Patrick Zachmann, Famille Ly, 1989

Le mot « banlieue » installé depuis le Moyen Âge dans la langue française, ne prend véritablement son sens géographique de périphérie urbaine qu'au 18e siècle. À partir de là, il se charge progressivement de toutes sortes de connotations sociopolitiques. La littérature s'en empare à partir de la deuxième moité du 19e siècle, sous les plumes notamment de Victor Hugo, d’Émile Zola, puis de Louis-Ferdinand Céline dans les années 1930. Au 20e siècle, les artistes, auteurs et autrices de diverses générations explorent les différentes strates de cette histoire très française des banlieues au pluriel.

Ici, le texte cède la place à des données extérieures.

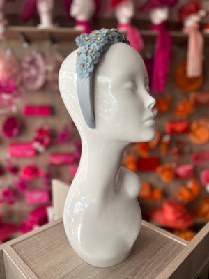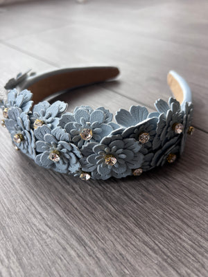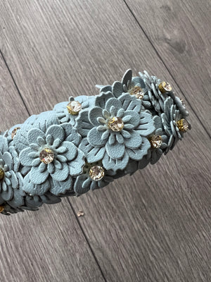 Our stunning cornflower blue headband with faux leather laser cut flowers and diamantés .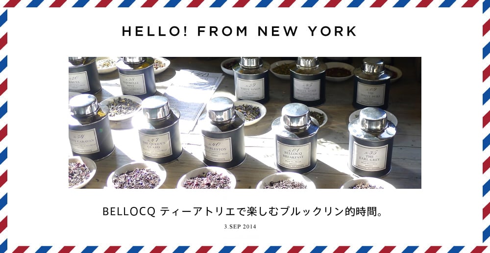 今や観光地化してしまったといってもいいブルックリンのウィリアムズバーグを北へ、マッカレンパークを越えたあたりから少し”かつての”ブルックリンらしい、よりローカル志向でゆるやかな雰囲気になってきます。この「グリーンポイント」と呼ばれるエリアにも、最近ではいろいろなショップやレストランが出来始めていますが、今回はブレンドティの専門店「BELLOCQ Tea Atelier(ベロック ティー アトリエ)」をご紹介しましょう。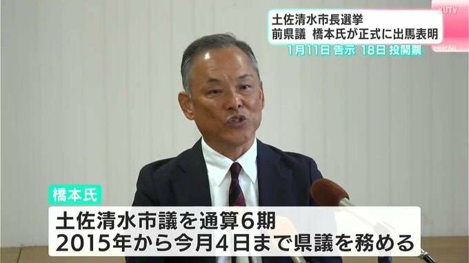 橋本氏は土佐清水市出身の67歳で、土佐清水市議会議員を通算6期務めた後、2015年から12月4日まで県議会議員を務めました。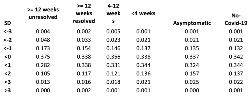 However, it’s true that one possible explanation for their findings is that Covid infection has a causal effect on cognitive ability – reducing it by 42% of a standard deviation (6 IQ points) among those with symptoms lasting more than 12 weeks. How likely is this? Before getting to an alternative explanation, I will highlight several things in the paper that caught my eye.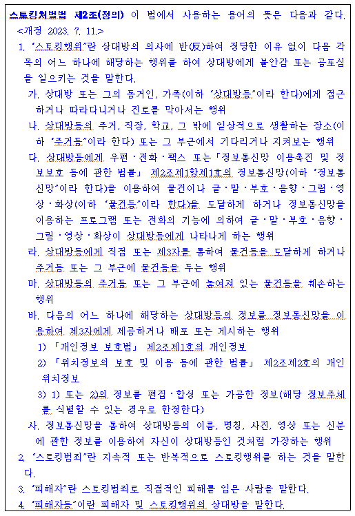 스토킹은 다른 사람을 따라 다니며 괴롭히는 것을 말합니다.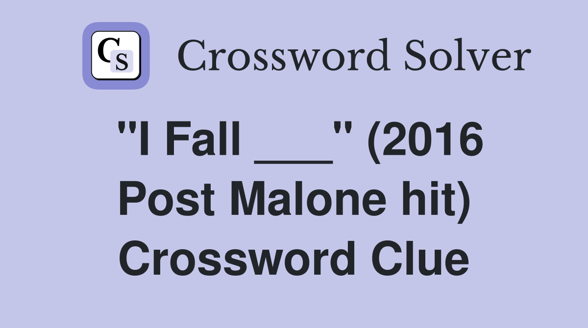 quot I Fall quot (2016 Post Malone hit) Crossword Clue Answers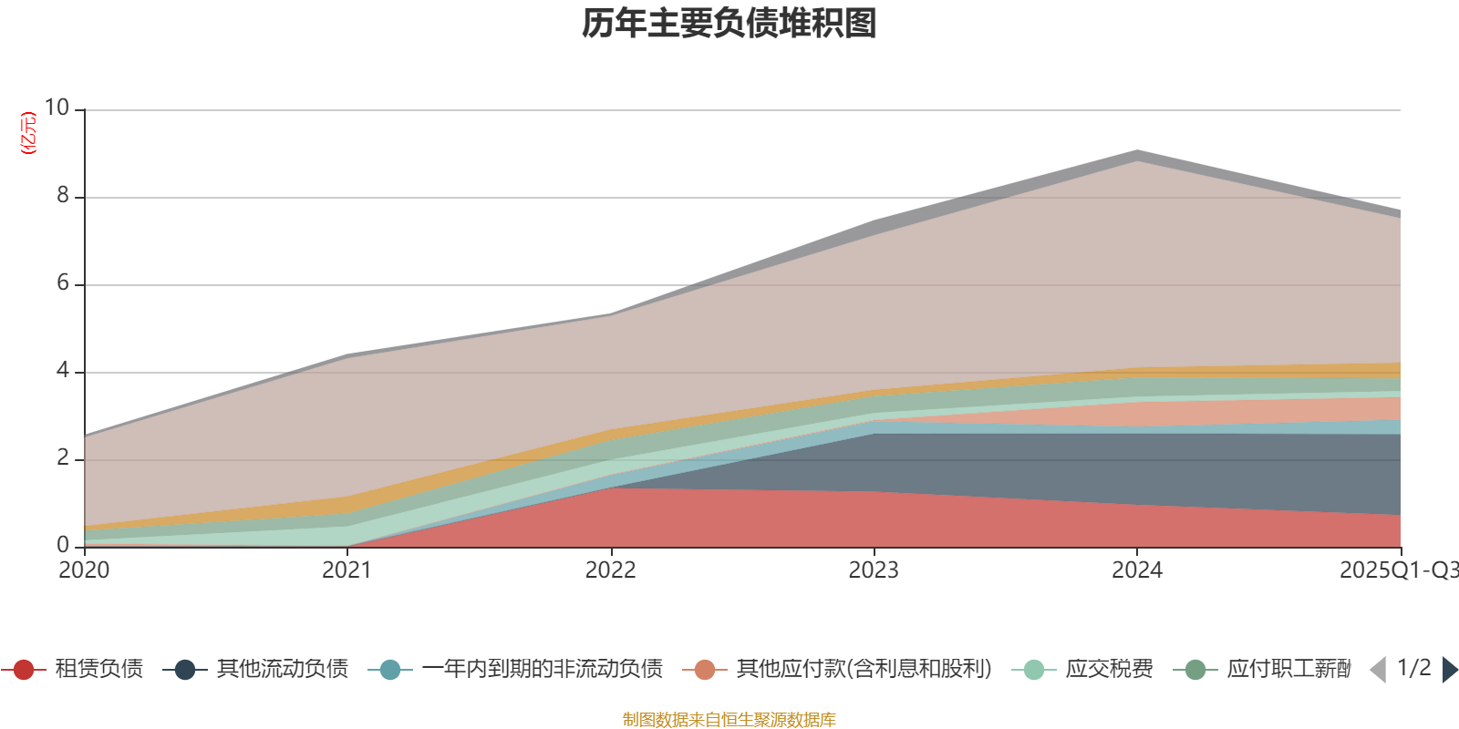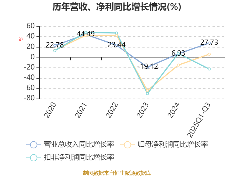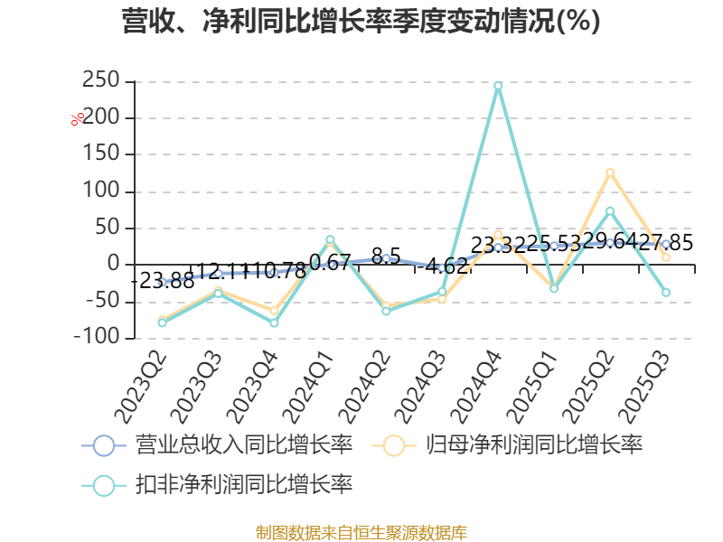 负债重大变化方面,截至2025年三季度末,公司应付票据及应付账款较上年末减少30.01%,占公司总资产比重下降4.1个百分点;其他流动负债较上年末增加13.57%,占公司总资产比重上升0.75个百分点;租赁负债较上年末减少24.71%,占公司总资产比重下降0.68个百分点;一年内到期的非流动负债较上年末增加111.21%,占公司总资产比重上升0.54个百分点。

Du patrimoine naturel ou boisé qui attira les peintres impressionnistes aux guinguettes dans lesquelles les urbains venaient se prélasser, des lieux de relégation aux immeubles collectifs ou à l'urbanisation rapide du tout-béton, les banlieues actuelles gardent les traces des vies et des pratiques qui continuent de s'y épanouir aujourd'hui, entre paradis perdu et nouvel eldorado.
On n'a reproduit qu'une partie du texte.